_What the exercise asks_: When writing out the listing below, reproduce every word exactly and skip the pictures.

_Records for the exercise_:
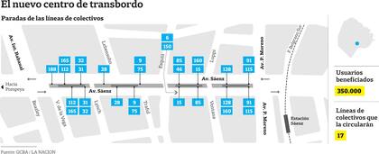 El nuevo ordenamiento de la avenida Sáenz permitirá beneficiar a 17 líneas de colectivos que circularán dentro del corredor. Las que tienen parada son: 46, 9, 15, 28, 31, 32, 75, 85, 91, 112, 115, 128, 160, 165 y 188. Las que no tienen parada son la 6 y la 150. La reestructuración de las paradas también implica que los colectivos sólo paren una vez en los 550 metros en los que se extiende el centro de trasbordo. Antes, algunos colectivos en ese tramo se detenían hasta tres veces. Por lo que los peatones tendrán que caminar más para llegar a sus paradas.
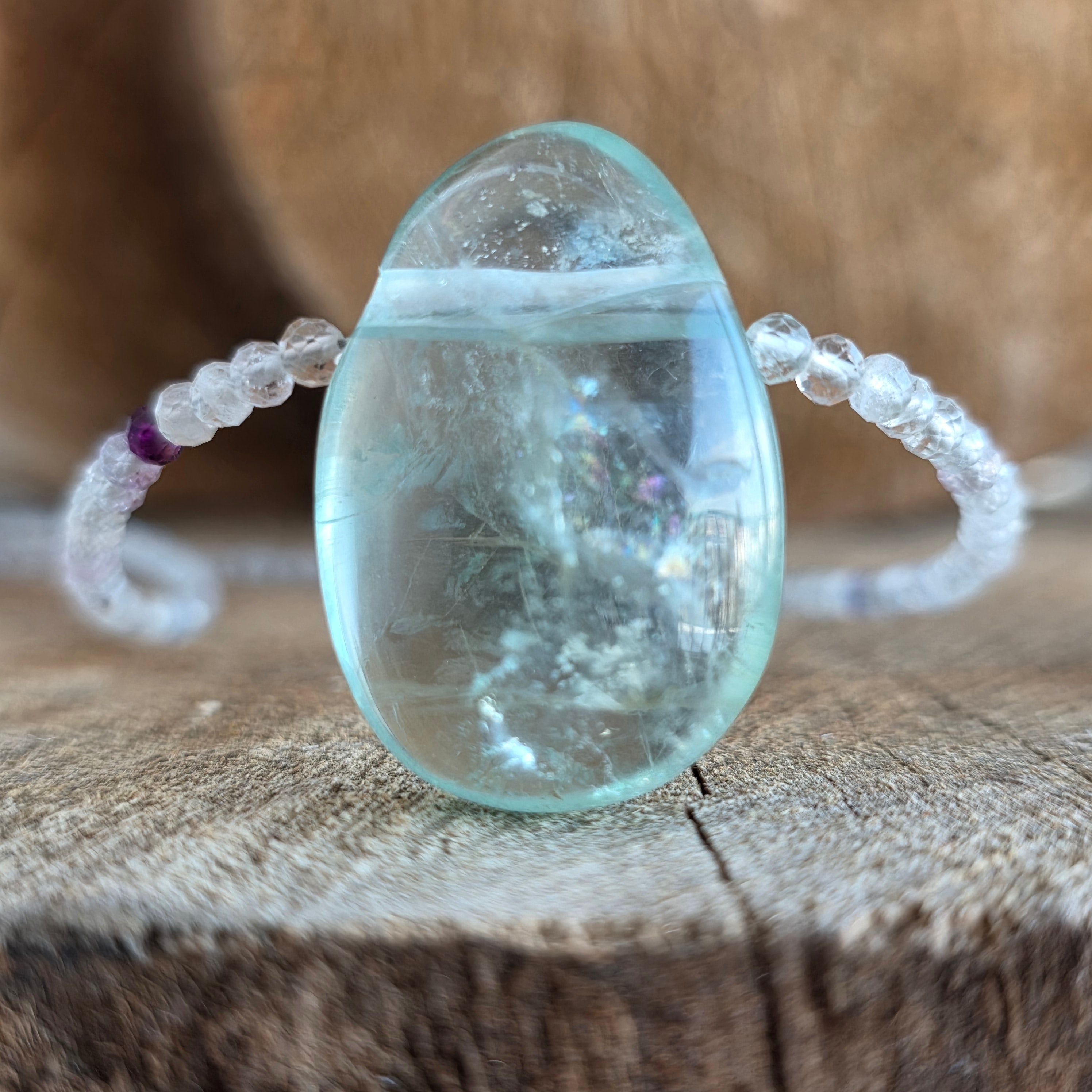 Материали: фасетиран дъгов флуорит 3 мм, сребро 925, паднал флуоритен медальон
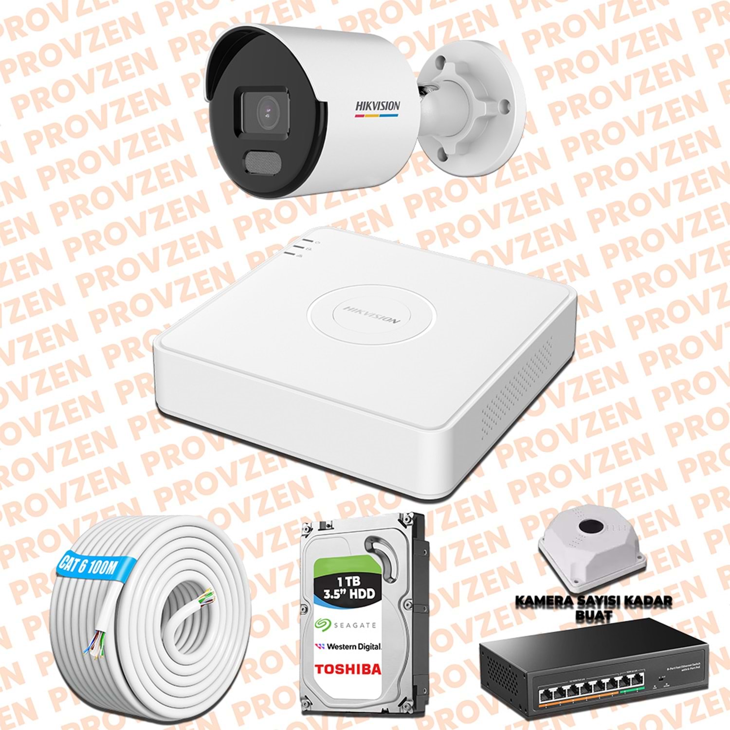 PROVZEN HİKVİSİON KAMERA SETİ, 1440P çözünürlüğe sahip, 1TB(1000GB) HDD depolama alanıyla ve gece görüşlü bir set.
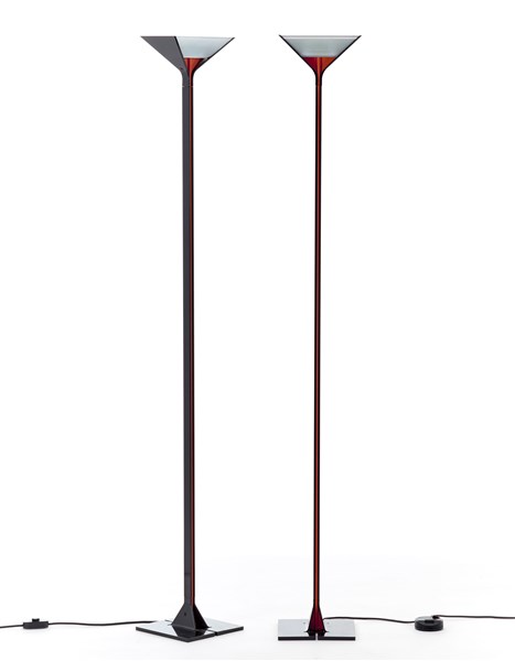 Lotto composto da due lampade da terra modello "Papillona". Produzione Flos, Milano, 1975. Alluminio pressofuso nero. (h cm 190)
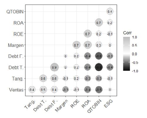 La Tabla 2 contiene las variables utilizadas en este estudio. Como variables dependientes se tienen: la Rentabilidad del Activo (ROA), la Rentabilidad del Patrimonio (ROE) y los niveles de apalancamiento de las firmas (total y financiero). La variable independiente de interés es la calidad de las practicas ESG, aproximada mediante el índice ESG de Bloomberg. En último lugar, se incluyeron tres variables de control: el logaritmo de las ventas totales, el margen neto de utilidad (en porcentaje) y la proporción de tangibilidad de los activos (en porcentaje).

_Task result_:
 El nuevo ordenamiento de la avenida Sáenz permitirá beneficiar a 17 líneas de colectivos que circularán dentro del corredor. Las que tienen parada son: 46, 9, 15, 28, 31, 32, 75, 85, 91, 112, 115, 128, 160, 165 y 188. Las que no tienen parada son la 6 y la 150. La reestructuración de las paradas también implica que los colectivos sólo paren una vez en los 550 metros en los que se extiende el centro de trasbordo. Antes, algunos colectivos en ese tramo se detenían hasta tres veces. Por lo que los peatones tendrán que caminar más para llegar a sus paradas.
 Материали: фасетиран дъгов флуорит 3 мм, сребро 925, паднал флуоритен медальон
 PROVZEN HİKVİSİON KAMERA SETİ, 1440P çözünürlüğe sahip, 1TB(1000GB) HDD depolama alanıyla ve gece görüşlü bir set.
 Lotto composto da due lampade da terra modello "Papillona". Produzione Flos, Milano, 1975. Alluminio pressofuso nero. (h cm 190)
 La Tabla 2 contiene las variables utilizadas en este estudio. Como variables dependientes se tienen: la Rentabilidad del Activo (ROA), la Rentabilidad del Patrimonio (ROE) y los niveles de apalancamiento de las firmas (total y financiero). La variable independiente de interés es la calidad de las practicas ESG, aproximada mediante el índice ESG de Bloomberg. En último lugar, se incluyeron tres variables de control: el logaritmo de las ventas totales, el margen neto de utilidad (en porcentaje) y la proporción de tangibilidad de los activos (en porcentaje).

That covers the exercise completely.